Ante tales antecedentes, sería deseable que el proceso de Álvaro
Uribe siente un precedente significativo para América Latina, pues no se
trata de una figura política en declive, sino de la cabeza de la fuerza
política que gobierna actualmente en la persona del presidente Iván
Duque y es también uno de los liderazgos políticos más populares en
Colombia. Por eso resalta que la Corte Suprema, en plena expresión de su
independencia como poder autónomo, acuse a un actor político
preponderante que cuenta con todo el respaldo del Poder Ejecutivo de
dicha nación, lo cual constituye una expresión excepcional y nítida de
la despolitización de la justicia.
Este caso significa también un mensaje relevante en términos de la
agenda de los derechos fundamentales, en la medida que el ex presidente
Uribe Vélez es conocido por haber implementado, entre 2002 y 2010, una
política de
seguridad democráticabasada en una estrategia de contrainsurgencia instrumentada por el paramilitarismo, que produjo numerosas violaciones graves de derechos humanos en el contexto del conflicto armado: ejecuciones extrajudiciales o
falsos positivos; así como la denominada parapolítica, que vinculó a alcaldes, gobernadores y congresistas con grupos paramilitares, que favorecieron el control territorial para impulsar a actores políticos en cargos y puestos de representación.

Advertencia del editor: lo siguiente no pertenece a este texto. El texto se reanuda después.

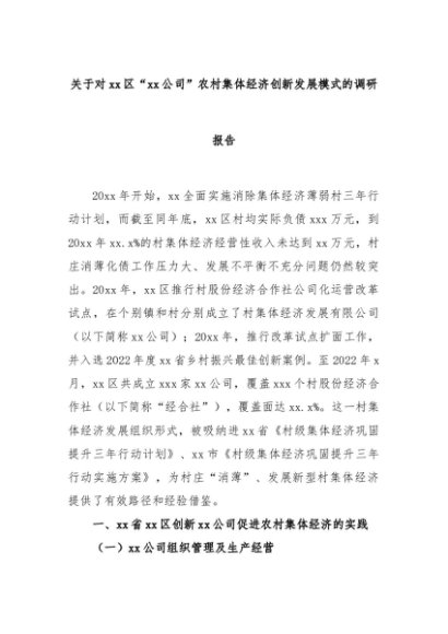 【七哥公文】2024年:关于对xx区“xx公司”农村集体经济创新发展模式的调研报告+更多免费公文+VX:QiGeGongWen2024
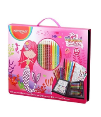 ชุดกล่องของขวัญระบายสี KeyRoad นางเงือก มาพร้อมกับอุปกรณ์ครบชุดเพื่อสนับสนุนกิจกรรมศิลปะสำหรับเด็กๆ ได้อย่างเต็มที่ รวมถึงดินสอสี 12 สี, ปากกาสีมาร์กเกอร์ 6 สี, กาวกากเพชร 6 อัน, กระดาษสี 10 สี และสติ๊กเกอร์ 43 ชิ้น, เครื่องเหลา 1 อัน เป็นชุดที่สมบูรณ์แบบสำหรับการส่งเสริมทักษะและพัฒนาการของเด็ก

Colombia representa en muchos sentidos un punto de referencia y una
experiencia comparada válida para México. Ello no significa simplificar o
pretender derivar fórmulas de inmediata aplicación, sin embargo, hoy en
México el panorama de la justicia está lleno de interrogantes. El caso
Lozoya es un proceso que ha sido mediatizado por el Poder Ejecutivo, con
lo cual se corre el riesgo de incurrir, como tantas veces ocurrió en el
pasado, en el uso de la justicia para fines políticos. Mientras que,
por otra parte, la Suprema Corte de Justicia de la Nación (SCJN) tiene
en sus manos un conjunto amplio de amparos, acciones de
inconstitucionalidad y controversias constitucionales presentadas
respecto de buena parte del marco jurídico que ha sido transformado por
el actual gobierno de la 4T.
Estamos hablando de casi la totalidad del paquete de reformas
constitucionales impulsadas por el presidente Andrés Manuel López
Obrador, que están actualmente en revisión judicial y cuya
constitucionalidad o inconstitucionalidad deberá determinar la SCJN:
múltiples leyes de carácter federal como la de Remuneraciones de los
Servidores Públicos, la Orgánica de la Administración Pública, la Ley de
Austeridad Republicana, la Ley de Seguridad Nacional y la Ley de la
Guardia Nacional, entre otras, están hoy sujetas a la revisión del Poder
Judicial federal; sin dejar de lado, que se estima existen más de 5 mil
amparos interpuestos contra los megaproyectos e iniciativas impulsadas
en lo que va de este sexenio, como el aeropuerto de Santa Lucía, el Tren
Maya, la cancelación de las estancias infantiles, el Corredor
Interoceánico del Istmo de Tehuantepec y la refinería de Dos Bocas, por
citar los más notorios.
Mutatis mutandis, la SCJN y el Poder Judicial federal
mexicanos en su conjunto, están en una coyuntura equiparable al caso
colombiano referido al principio; están llamadas a jugar un papel
histórico en este momento de redefinición del país, pues por sus manos
pasa la definición del marco jurídico, de los proyectos de inversión
económica y de los procesos contra la corrupción que hasta ahora han
representado la principal reivindicación del actual gobierno de la
República. El ejemplo que hoy vemos en Colombia, sería deseable se
replicara en la estructura judicial mexicana: separar la justicia de la
política.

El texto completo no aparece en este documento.